I tried to remember how the nephew had looked sitting on this very couch, but I could not. The touch of his lips on the rock and even the single word he had uttered on the bed at the Iris seemed like something from the distant past, long before I had met the translator. Now my mind was filled with memories of a cord, pain running through my body, stern commands. Even the rhythm of the conversations with the nephew that I had found so intimate, even that had been blown away with the wind.

The translator underlined a sentence in the letter. His finger hovered over a spot in the dictionary. He coughed, sat up straighter, and then continued writing, paying careful attention to each character.

I had to be patient until he finished translating the letter. But I knew that soon he would be paying such careful attention to me. Only with me did his old, withered body come to life. The fingers clutching the pen would grasp my breast, the lips pursed in thought would probe between my ribs, the feet hidden under the desk would trample my face.

I took a sip of tea without taking my eyes off him. The boards of the terrace creaked. The wind pushed an empty flowerpot across the lawn. But the surface of the sea was as smooth and flat as ever.

What would he say when he finally turned to look at me? That was my only concern at the moment. Would he call me
a filthy sow? Or tell me to lick the floor? Or to spread my legs?

He took hundreds of pictures. He set the flash, adjusted the lens, changed the roll of film. I had no idea he was so skilled with a camera. For my part, I assumed every imaginable pose—amazed at the number of shapes a human body could take. He needed more cord than usual to create all of these positions, but he had bought extra for the occasion.

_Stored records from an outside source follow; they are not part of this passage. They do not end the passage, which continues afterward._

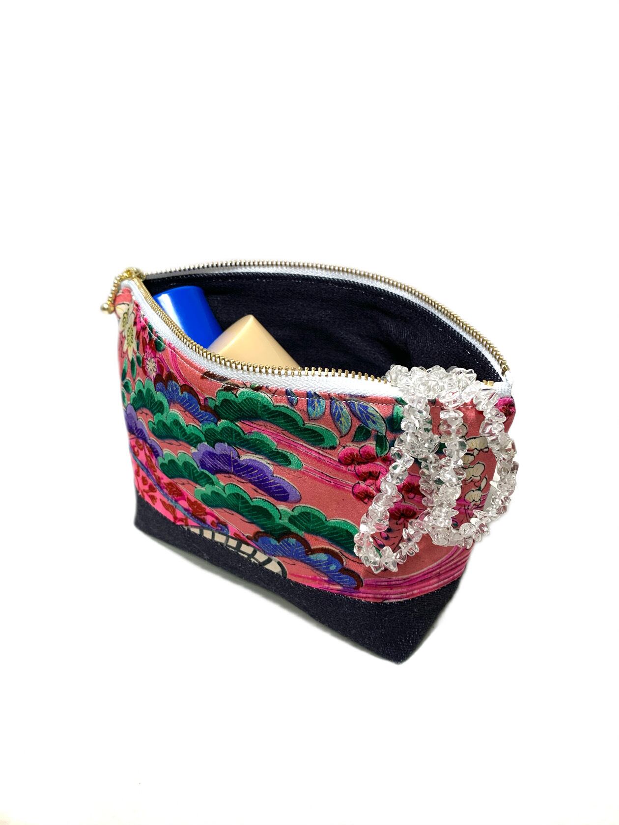 ◾️【現品1点限り‼︎】HAJIME AYUMU 高級和柄着物帯&岡山県産児島デニム リメイクデザインポーチ ピンク×ネイビー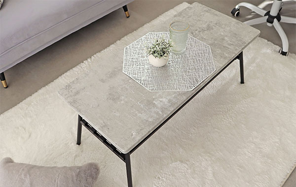 薄くかすれたようなデザインのラグで個性的なコーディネートに。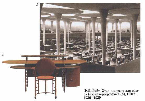 Рис.2.3. Ф.Л. Райт. Стол и кресло для офиса (а), интерьер офиса (б), США, 1936-1939

First, he undressed me. That was always the most important thing. When, at the very end, he stripped away my underpants, I could see how ugly I was.

Then he tied me to a chair—the one he had been working in a moment earlier. It was a sturdy wooden chair with a leather seat. He pulled my arms behind my back and bound my wrists, then ran the cord again and again around my ribs. Now I would have to carry the chair with me everywhere I went. It was heavy, and I teetered under the weight. When I lost my balance, the cord cut into my breasts. I groaned, but he paid no attention and ordered me to lock the kitchen door, to clear away the teacups, to remove the quilt from the bed.

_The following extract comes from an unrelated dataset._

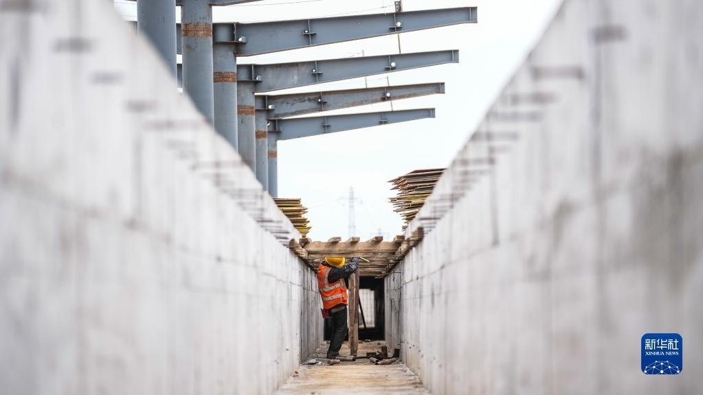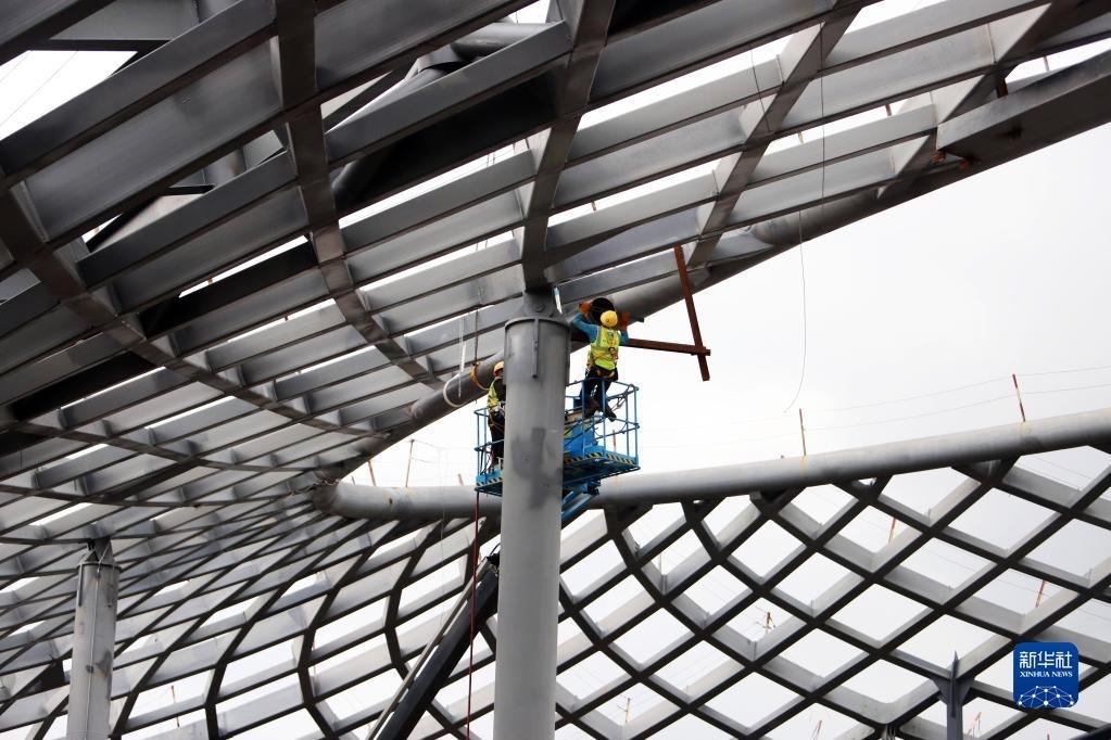 5月1日,中鐵建工集團工人在貴州貴安新區(qū)貴安站擴建項目工地施工。   新華社記者 陶亮 攝

“You do all this at the Iris, you must be used to it.”

The chair on my back knocked into the walls and furniture, tightening the knots. I used every part of my body that remained free, my chin and mouth, my sides and legs, to turn the lock, carry the cups, fold the quilt. He followed me around, snapping pictures the whole time. My face contorted
with pain, my breasts dripping with spilled tea, my body staggering through the bedroom.

When I finished my chores, he bound my feet to the legs of the chair so I couldn’t move at all. My joints were bent at unnatural angles, and my hands and feet were numb and cold. I felt as though I had become a chair, my skin the leather, my fat the cushion, my bones the wood. A chair from the tips of my fingers to the tips of my toes.

The translator sat down in the chair. He smiled happily, rested his elbows on the arms, crossed his legs. My body supported his whole weight.

“Heavy?” he asked, looking back at me. I couldn’t answer, not even a nod. “What a comfortable chair,” he said, slowly stroking the armrests and the back. I had no idea whether he was rubbing the chair or me.

I became other things as well. A table, a shoe cupboard, a clock, a sink, a garbage can. He used the cord to twist my body into these shapes, tying my arms and legs, my hips, my chest, my neck. He worked quickly, binding wrists to drawer pulls, hips to doors, fingers to knobs. The cord obeyed him, and he used it to bend and tie me into whatever shape was in his head.